June 17, 2020: The first of the short-season leagues would have begun play. The canceled season deprives teams in the Appalachian, Pioneer and possibly the New York-Penn leagues of farewell seasons before they lose their affiliations.

June 23, 2020: A majority of minor leagues would have staged their all-star games at the season’s midpoint.

June 25, 2020: As MLB asks its 30 clubs about preferred minor league affiliations for 2021, many minor league teams realize that their solvency is threatened, because without a season they would not have the cash on hand to make full refunds on 2020 tickets and sponsorships.

June 30, 2020: The minor league season is officially canceled.

July 12, 2020: Date of the canceled Futures Game at Dodger Stadium.

Aug. 3, 2020: With less than two months to go before the PBA’s expiration, Minor League Baseball disbanded its negotiating team and replaced it with a group seen as more closely aligned with MiLB president and CEO Pat O’Conner. The original negotiating committee was composed of a number of minor league owners and was appointed by O’Conner and served at his direction.

Aug. 5, 2020: The new Minor League Baseball negotiating team submits a proposal that calls for the preservation of an independent MiLB along with a slimmed-down office in St. Petersburg, Fla. The proposal is viewed by MLB as a step backward from progress previously made.

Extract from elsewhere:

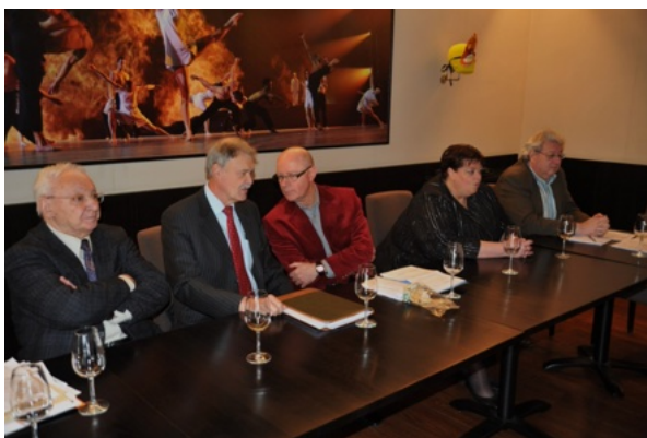
Les représentants de la Province nous accueillent

Aug. 12, 2020: The Minor League Baseball board of trustees installs a third negotiating team in 10 days. This team includes many of the same members of the team disbanded earlier in August, sending a clear message to MiLB president Pat O’Conner that the trustees were comfortable with the direction of negotiations under the original negotiating team. The new negotiating team is sent to O’Conner for his approval.

Aug. 28, 2020: The approximate date at which Arizona Fall League rosters are traditionally announced. Without a plan in place, an AFL season appears unlikely.

Sept. 7, 2020: Labor Day traditionally signals the end of the minor league season.

Sept. 8, 2020: Pat O'Conner retires, signaling the likely end of the minors' independence.

Sept. 30, 2020: The PBA governing the working conditions between the major and minor leagues expires. Without a new deal, the working agreement between MLB and the minor leagues ends on this date. Read more...

Oct. 7, 2020: MLB makes a somewhat surprising move, hiring Peter Freund to assist in transitioning Minor League Baseball's offices to New York.